# Pigeon with a broken wing (I think) Please help!



## Annia

OK, long story short. This pigeon was sitting on our front drive for nearly 6 hours last night without moving. It can't fly and there is something wrong with its wing. 

I finally got permission from my mother (I'm 20 but I'm still living at home) to catch it and put it in the garage. 

I've put it in the biggest box I can find that has ventilation and I've covered the box with a towel to keep it dark in there and I gave it water for overnight. 

Been in to see it this morning, its still alive and looks OK apart from the wing. I've given it some breadcrumbs as we don't have any birdseed left at the moment. (Also put fresh water down and changed the newspaper I lined the box with.) 

Now I know I can ring the RSPCA but I'm pretty sure they will just kill it and I don't really want that to happen. 

It's not a racing pigeon, or a tame one. It's wild. I'm pretty certain that it's a juvenile woodpigeon. 

I can't keep it, although I do want to. I can't afford to go buy a proper bird cage or even the vet's bills for it (I'm a student  ).

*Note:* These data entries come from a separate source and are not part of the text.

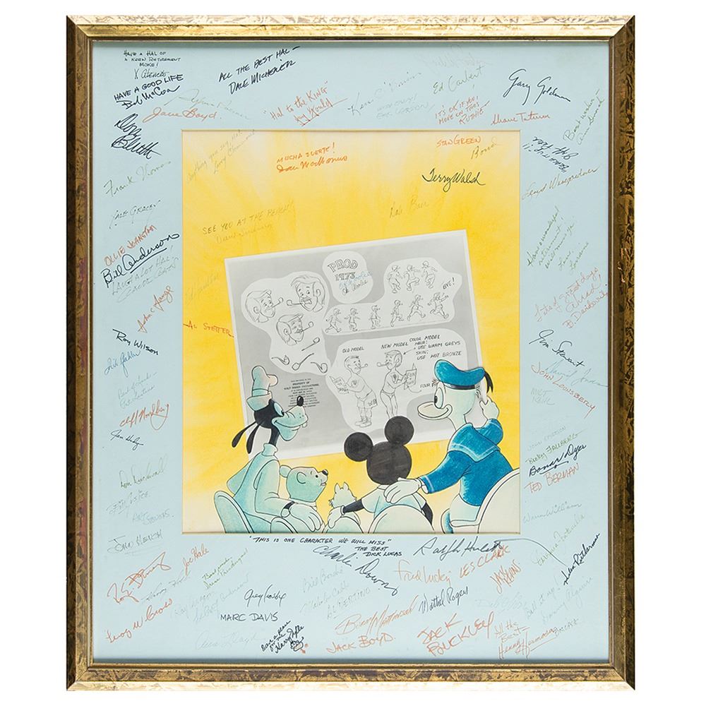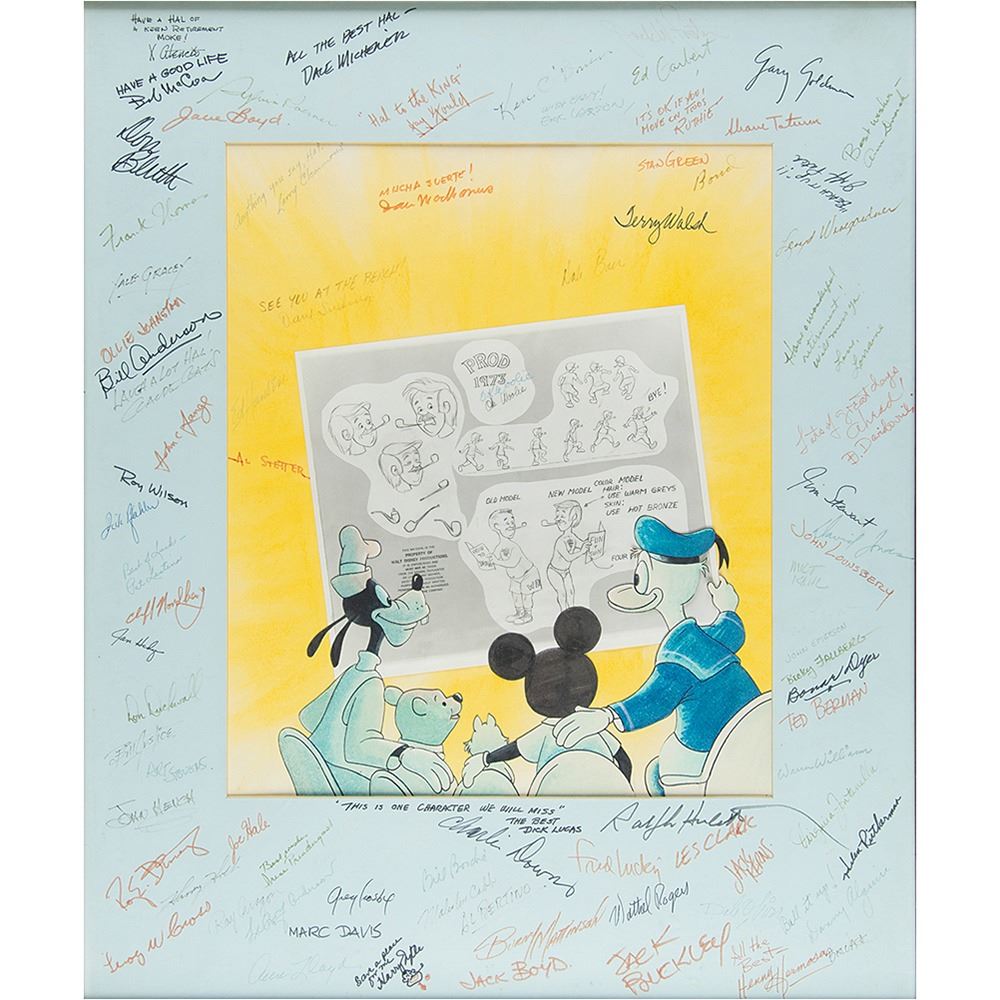 Oversized retirement card featuring an image of classic Disney characters looking at a model sheet, 19.5 x 23.5, signed and inscribed by a multitude of Disney animators and icons, including Marc Davis, Ollie Johnston, John Lounsbery, Milt Kahl, Eric Larson, Woolie Reitherman, Les Clark, Bill Anderson, Don Bluth, Bill Justice, and Roy E. Disney. Framed to an overall size of 21.5 x 25.5. In fine condition. A unique format boasting the autographs of most of Disney's legendary 'Nine Old Men.'
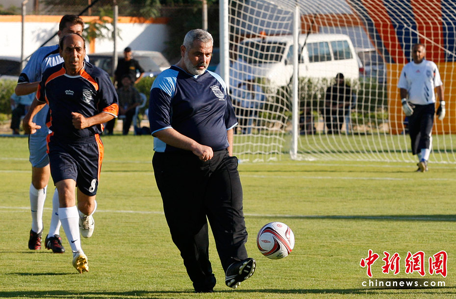 圖為2009年8月7日,加沙,巴勒斯坦伊斯蘭抵抗運(yùn)動(dòng)(哈馬斯)領(lǐng)導(dǎo)人哈尼亞在雅穆克體育場重新開放的儀式上大秀足球球技。
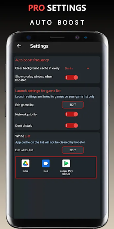 Automatically boost, clear background cache to reduce device load for the best gaming experience.
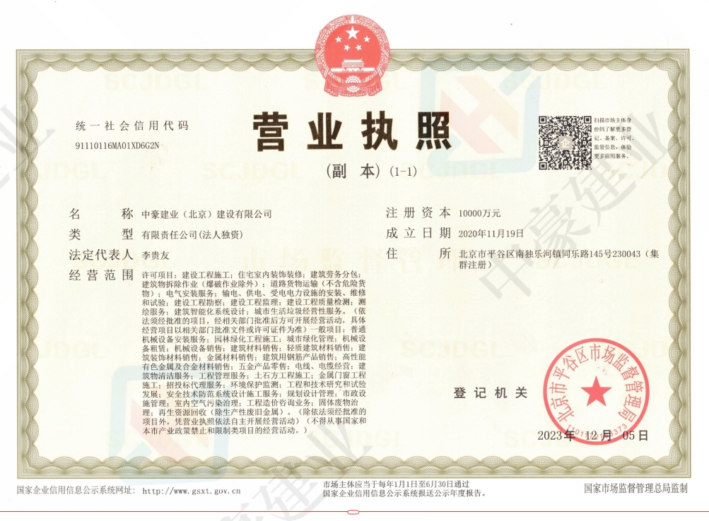 中豪建業(yè)(北京)建設(shè)有限公司資質(zhì)范圍及等級(jí):
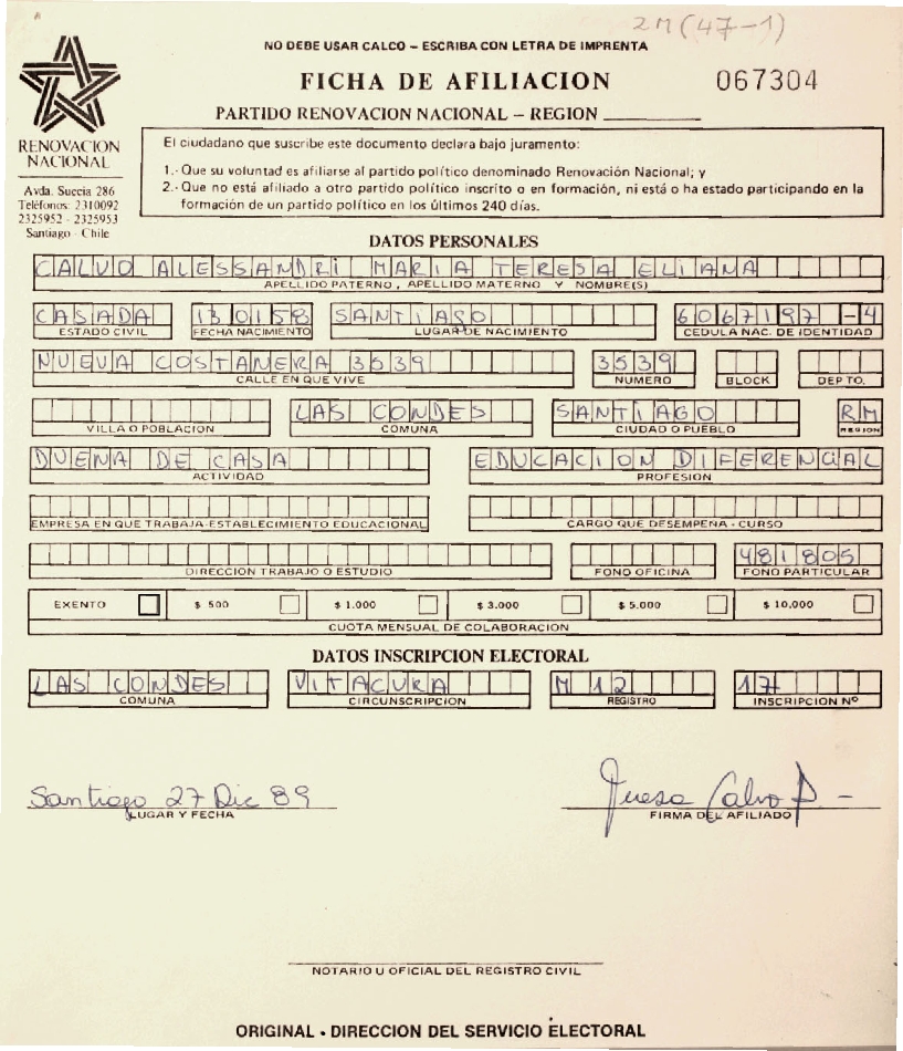 Ficha tipo de afiliación al Partido Renovación Nacional de María Teresa Eliana Calvo Alessandri
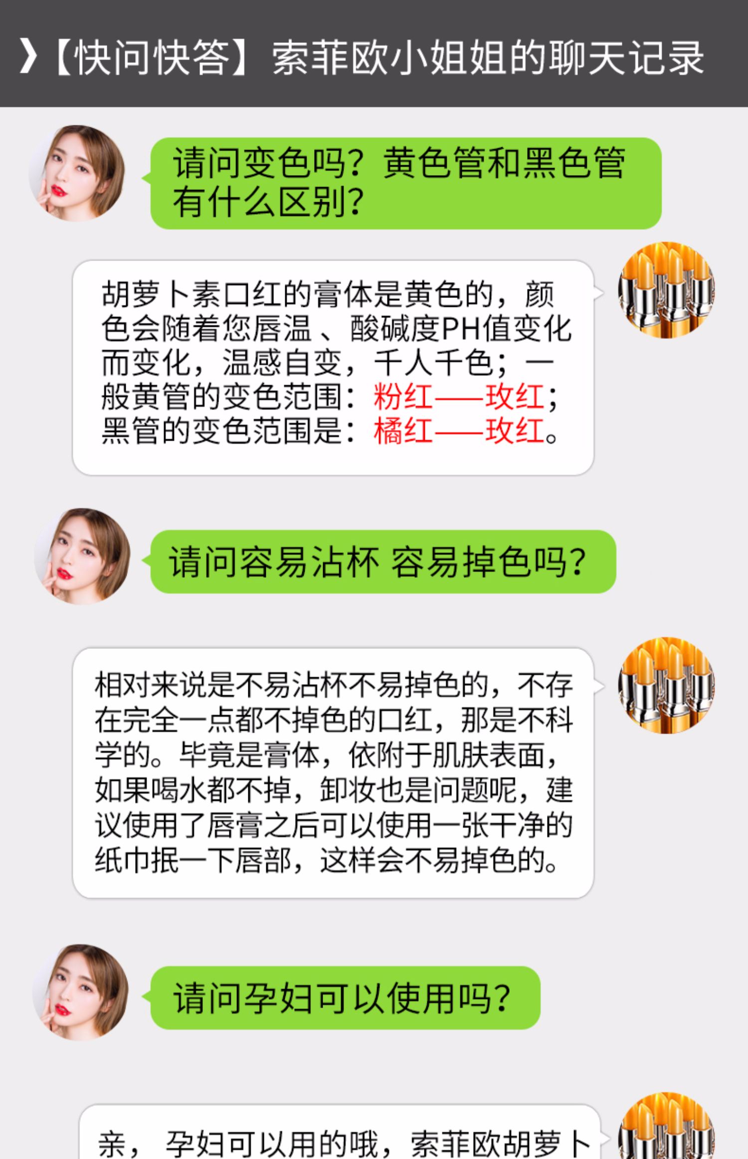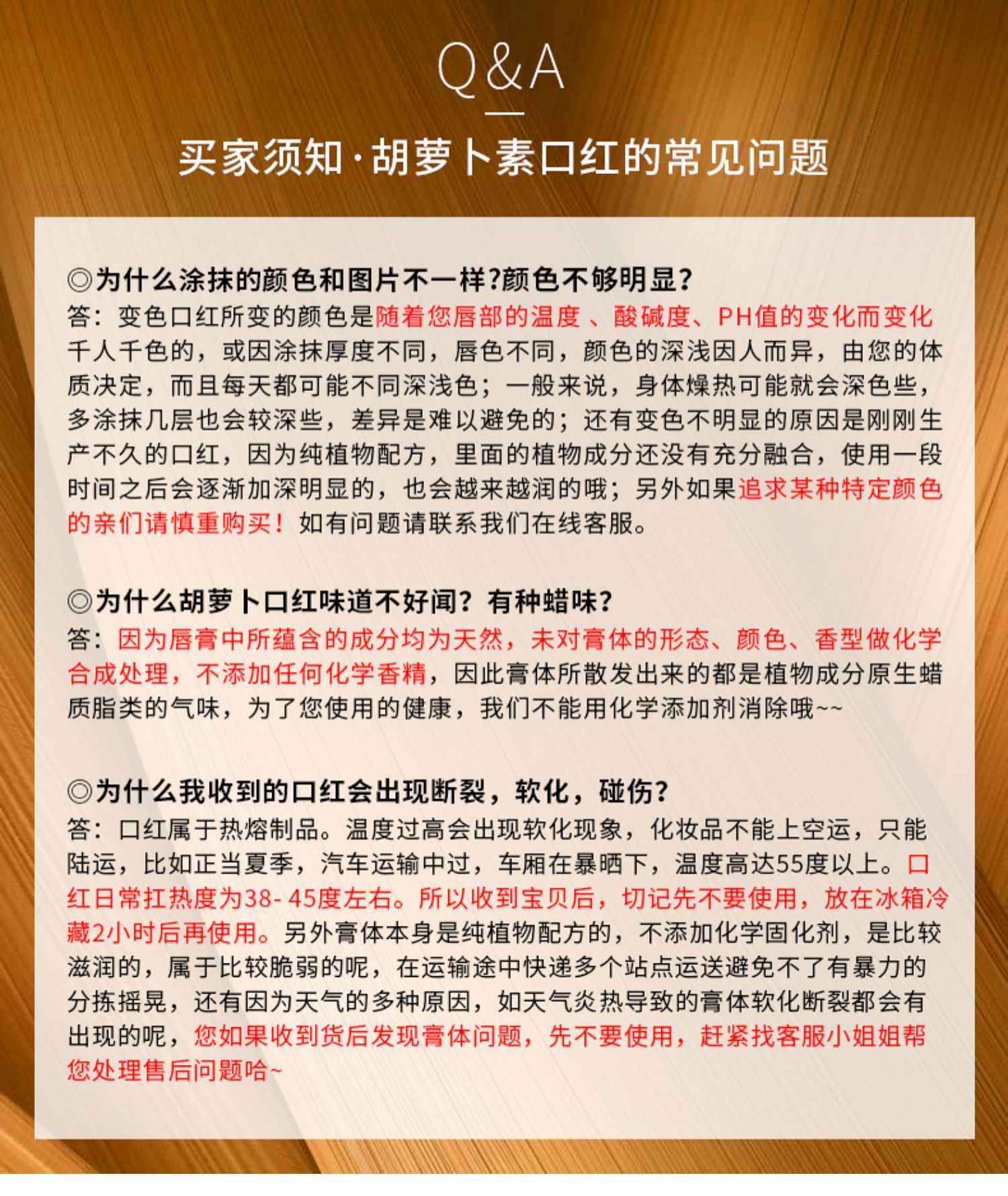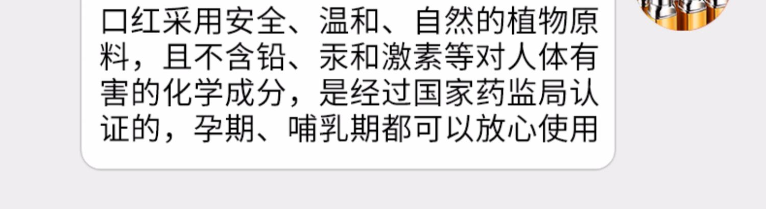 天然胡萝卜素口红,孕期可用,安全健康,温感变色,自然力缔造自然美。真正可以吃的口红!防水不脱色;持久滋润,淡化唇纹,一抹倾心;任何肤质适合

Any advice? I'm in the UK BTW. And I can't drive. And I've googled but can't find any bird rescue places nearby apart from the RSPCA.


----------



## PigeonQueen

Please tell us your location BTW????


----------



## amyable

Hi,

Thanks Jayne for answering, that was what I wanted to ask so we can see if there's any rescue centres nearby first.

I've got to go out in 5mins and won't be back on until after 3.00pm. If you've had no other help please log back on before you try RSPCA, sadly they probably won't do any more than put it to sleep.

SO sorry to dash off.

Keep in touch and we'll do what we can.

Janet


----------



## PigeonQueen

For now please can you feed the pigeon with some frozen peas or corn (defrosted) or tinned peas will do. Give about 20 at a time. If it is eating on its own you could give wild bird seed or budgie/canary seed .

There are places you can take the pigeon but as you havent said were you are in the UK no one can help you.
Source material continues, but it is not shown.